_Required action_
Please go line by line and repeat the data below exactly, with no images.

_Data extract_
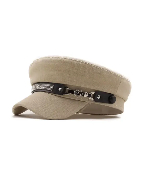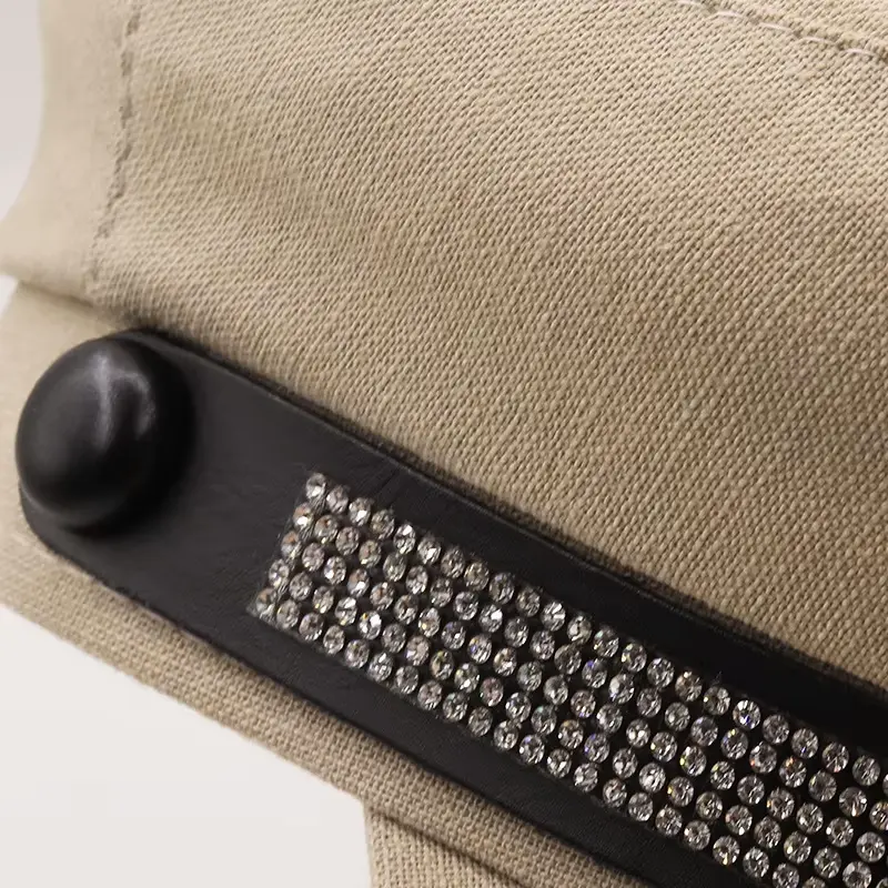 Elégance et Modernité avec cette casquette en coton beige rehaussée d’une bande décorative incrustée de strass scintillants. Cet accessoire unique allie simplicité et sophistication, parfait pour les femmes audacieuses en quête de style.
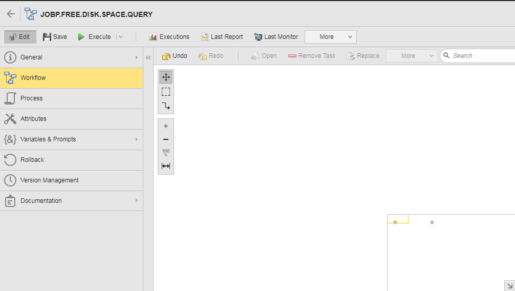The Workflow editor is the canvas that you see when you open the Workflow page after creating a Workflow object. The editor contains graphic tools to insert, connect, move and work with the tasks in the Workflow. For more information, see Designing Workflows in the Editor.
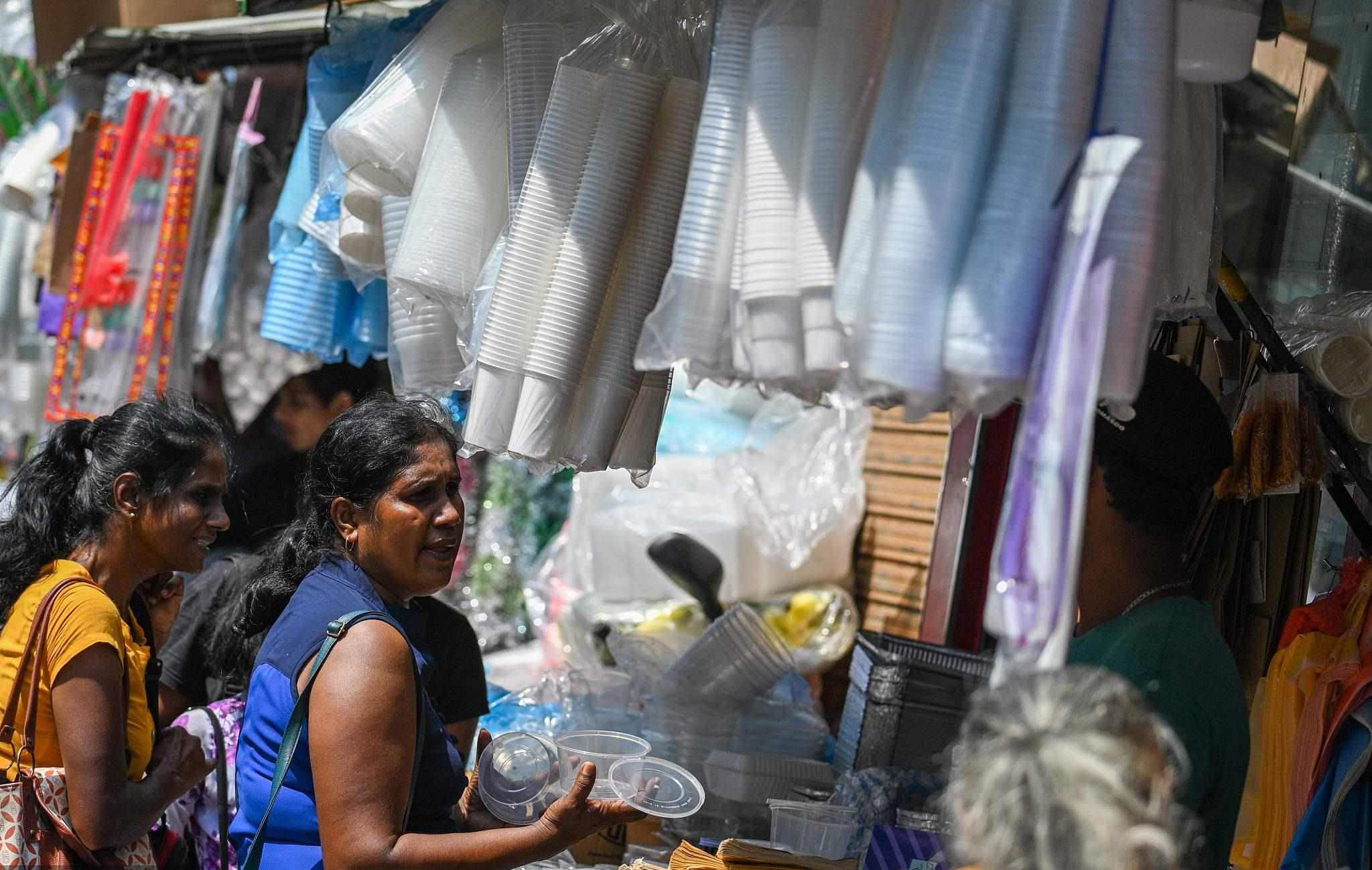 當(dāng)?shù)貢r(shí)間2023年2月14日,斯里蘭卡科倫坡市場的一家商店里,顧客在購買塑料餐具。
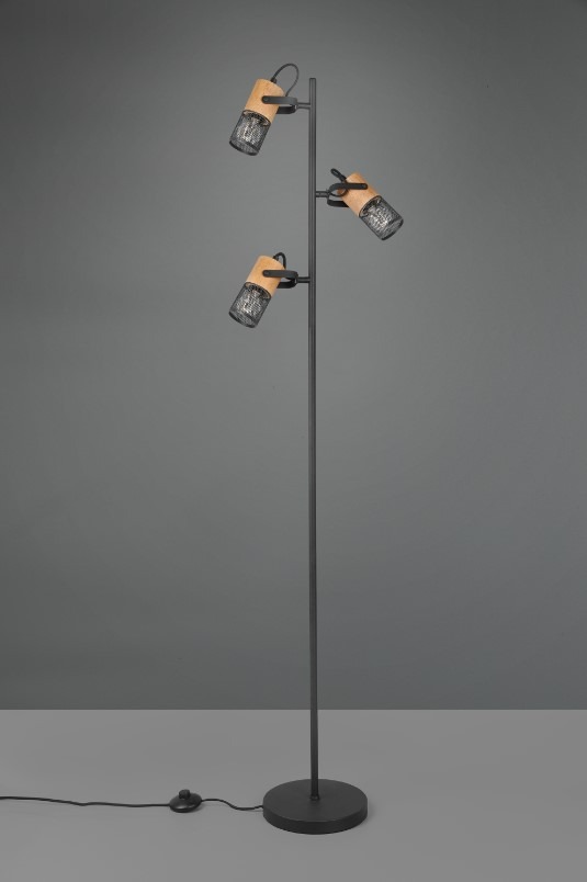 Een mooie vloerlamp van het merk Trio. Deze staande lamp is gemaakt van hout en draadmetaal. De vloerlamp kan goed worden geplaatst in de woonkamer naast de bank of een fauteuil bijvoorbeeld, om u van een gezellige gloed te voorzien. Er is plaats voor drie E14-fittingen die geschikt zijn voor een max. wattage van 15W. Deze lamp wordt exclusief lichtbron geleverd. Wij raden goudkleurige LED kogellampjes aan. Deze armatuur wordt inclusief voetschakelaar geleverd. Doordat de kapjes kantelbaar zijn, kan de lichtbundel eenvoudig in de juiste richting worden gericht.
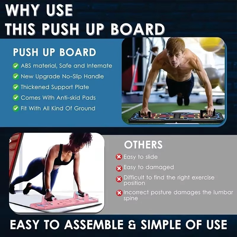 Forestille deg… å ha problemer med å opprettholde din treningsrutine på treningssenteret eller å få til en effektiv økt i et trangt rom. Dette sammenleggbare push-up brettet tilbyr spesialisert styrketrening i stuen din—uten klumpete utstyr eller kostbare medlemskap.
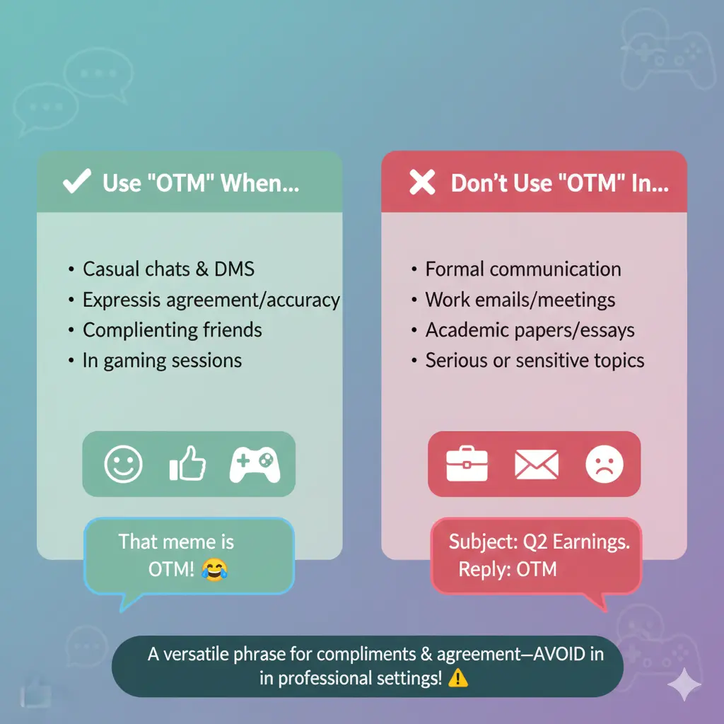 OTM is casual and belongs in friendly or social settingsânot work or school conversations.
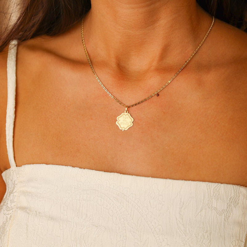 The 19.2kt gold adds a touch of luxury and durability to the medal, making it not only a beautiful piece but also an heirloom that can be passed down. The delicate clover design and careful engraving make this medal not just a piece of jewelry, but a tangible expression of affection and family history.
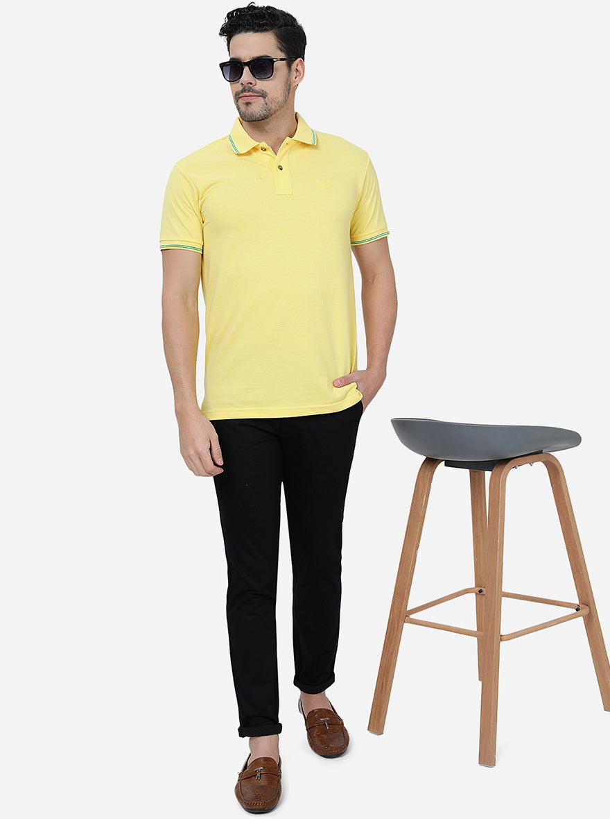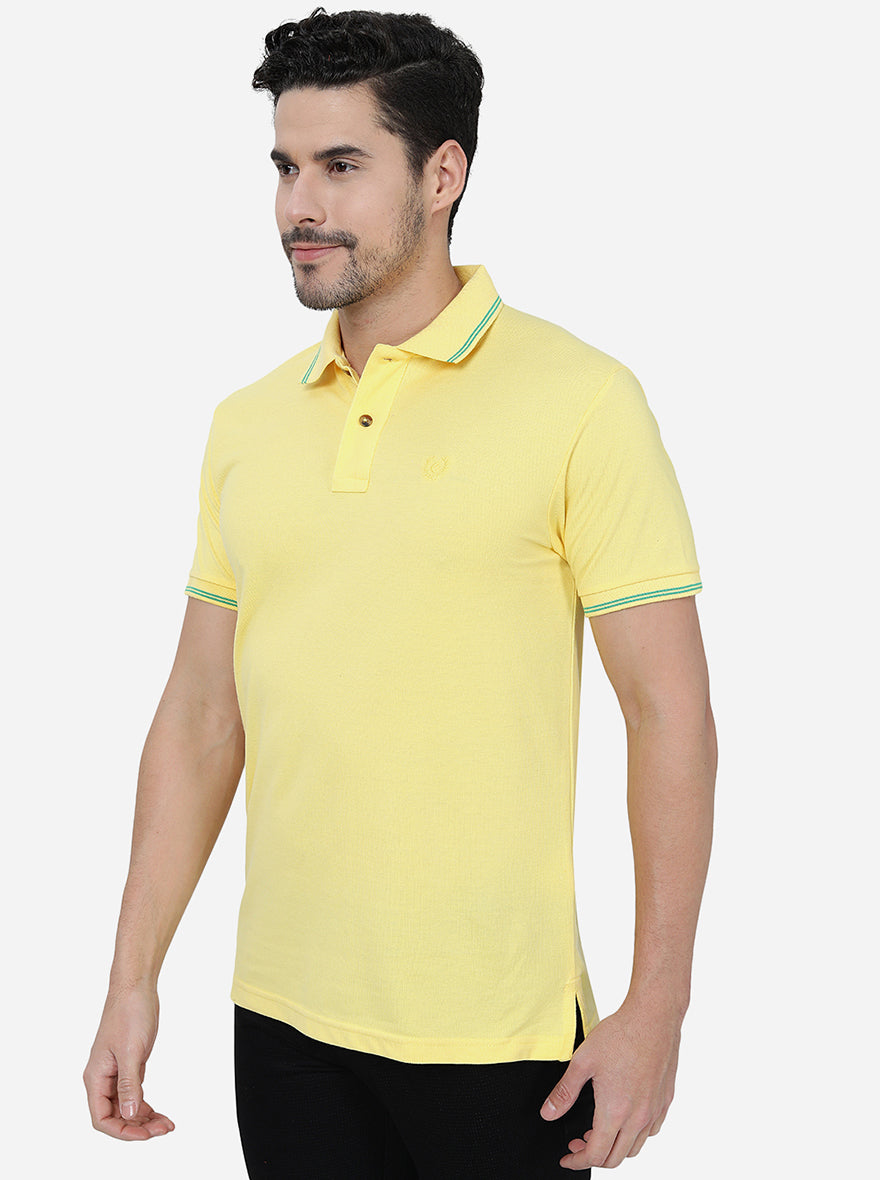 Yellow Solid Slim Fit Polo T-Shirt | Greenfibre
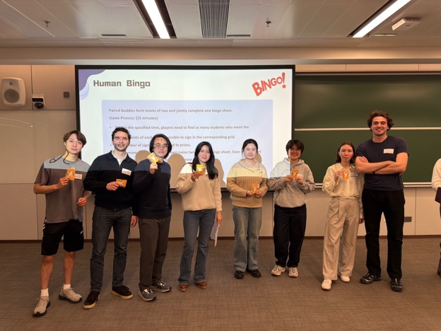 最后,在破冰游戏环节,Buddy与交换生交叉组队,共同参与了一系列破冰游戏。在“文化大考验”环节,各组通过协作完成答题挑战;在“人际宾果”环节,交换生与Buddy两人一组,结合各自的经历与特点共同完成Bingo任务卡。
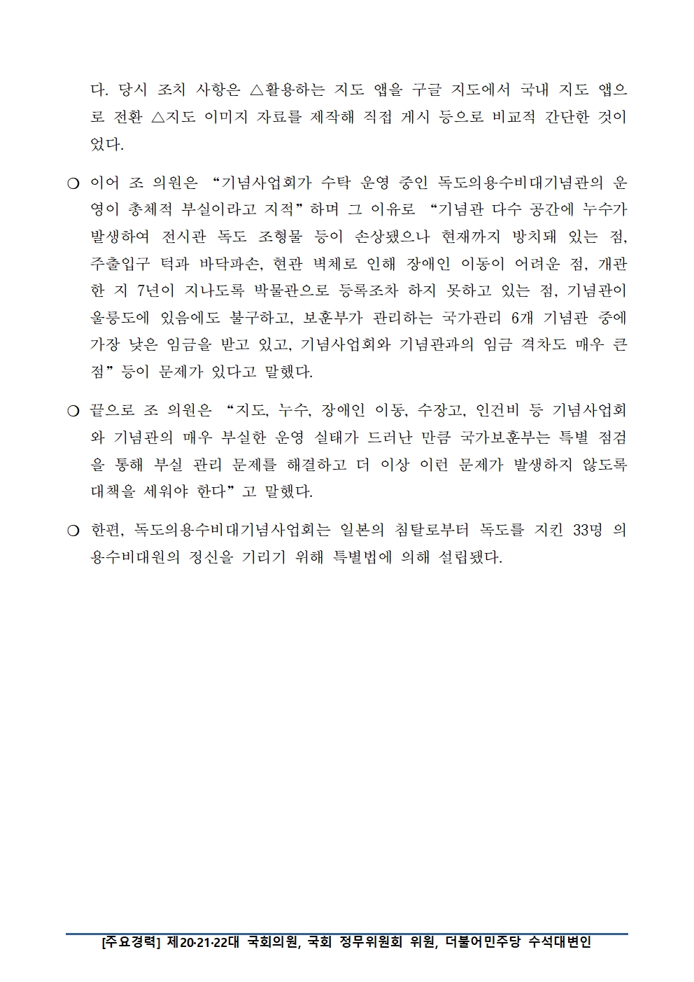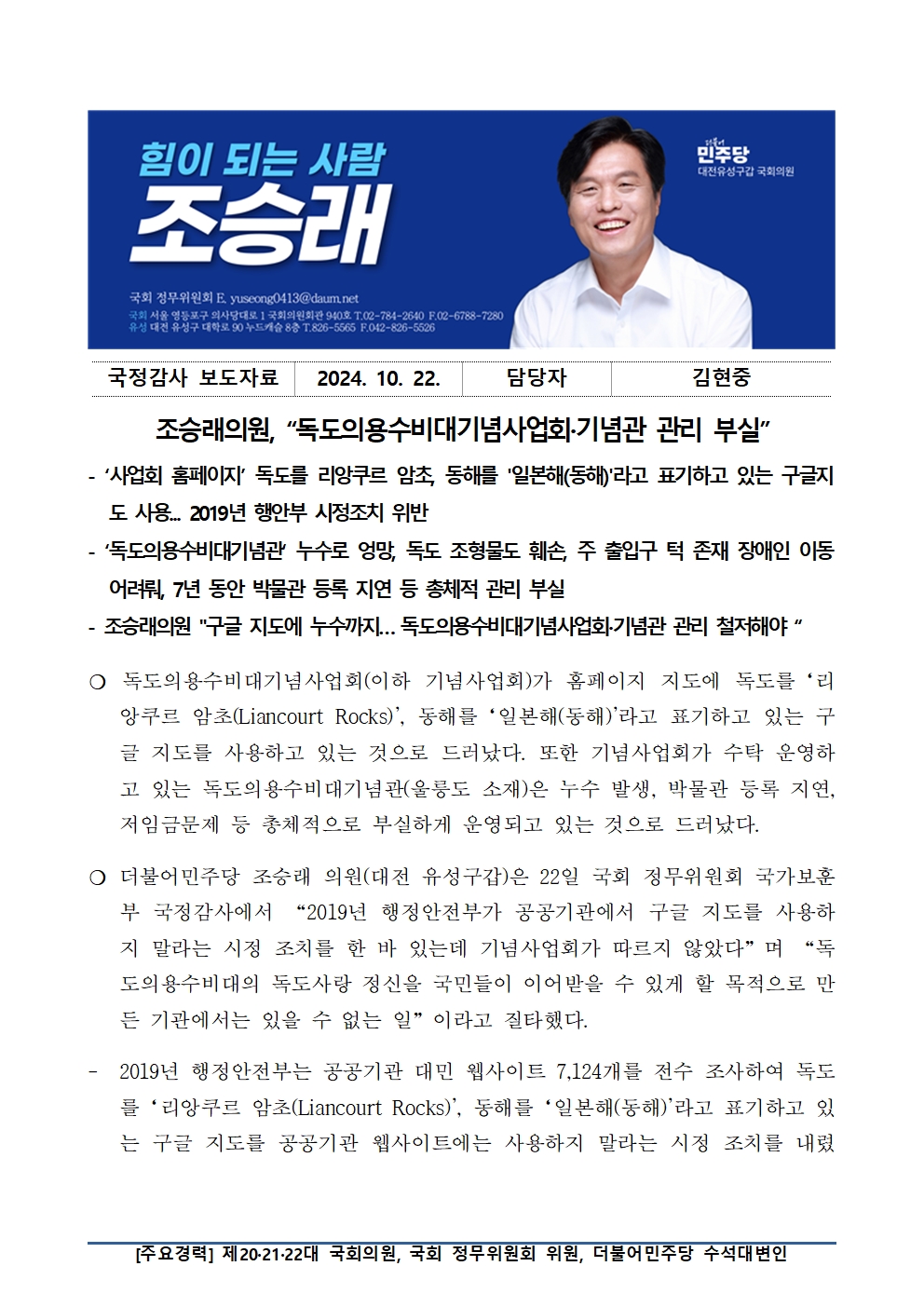 [국회의원 조승래] 조승래의원, “독도의용수비대기념사업회·기념관 관리 부실”

_Task result_
 Elégance et Modernité avec cette casquette en coton beige rehaussée d’une bande décorative incrustée de strass scintillants. Cet accessoire unique allie simplicité et sophistication, parfait pour les femmes audacieuses en quête de style.
The Workflow editor is the canvas that you see when you open the Workflow page after creating a Workflow object. The editor contains graphic tools to insert, connect, move and work with the tasks in the Workflow. For more information, see Designing Workflows in the Editor.
 當(dāng)?shù)貢r(shí)間2023年2月14日,斯里蘭卡科倫坡市場的一家商店里,顧客在購買塑料餐具。
 Een mooie vloerlamp van het merk Trio. Deze staande lamp is gemaakt van hout en draadmetaal. De vloerlamp kan goed worden geplaatst in de woonkamer naast de bank of een fauteuil bijvoorbeeld, om u van een gezellige gloed te voorzien. Er is plaats voor drie E14-fittingen die geschikt zijn voor een max. wattage van 15W. Deze lamp wordt exclusief lichtbron geleverd. Wij raden goudkleurige LED kogellampjes aan. Deze armatuur wordt inclusief voetschakelaar geleverd. Doordat de kapjes kantelbaar zijn, kan de lichtbundel eenvoudig in de juiste richting worden gericht.
 Forestille deg… å ha problemer med å opprettholde din treningsrutine på treningssenteret eller å få til en effektiv økt i et trangt rom. Dette sammenleggbare push-up brettet tilbyr spesialisert styrketrening i stuen din—uten klumpete utstyr eller kostbare medlemskap.
 OTM is casual and belongs in friendly or social settingsânot work or school conversations.
 The 19.2kt gold adds a touch of luxury and durability to the medal, making it not only a beautiful piece but also an heirloom that can be passed down. The delicate clover design and careful engraving make this medal not just a piece of jewelry, but a tangible expression of affection and family history.
 Yellow Solid Slim Fit Polo T-Shirt | Greenfibre
 最后,在破冰游戏环节,Buddy与交换生交叉组队,共同参与了一系列破冰游戏。在“文化大考验”环节,各组通过协作完成答题挑战;在“人际宾果”环节,交换生与Buddy两人一组,结合各自的经历与特点共同完成Bingo任务卡。
 [국회의원 조승래] 조승래의원, “독도의용수비대기념사업회·기념관 관리 부실”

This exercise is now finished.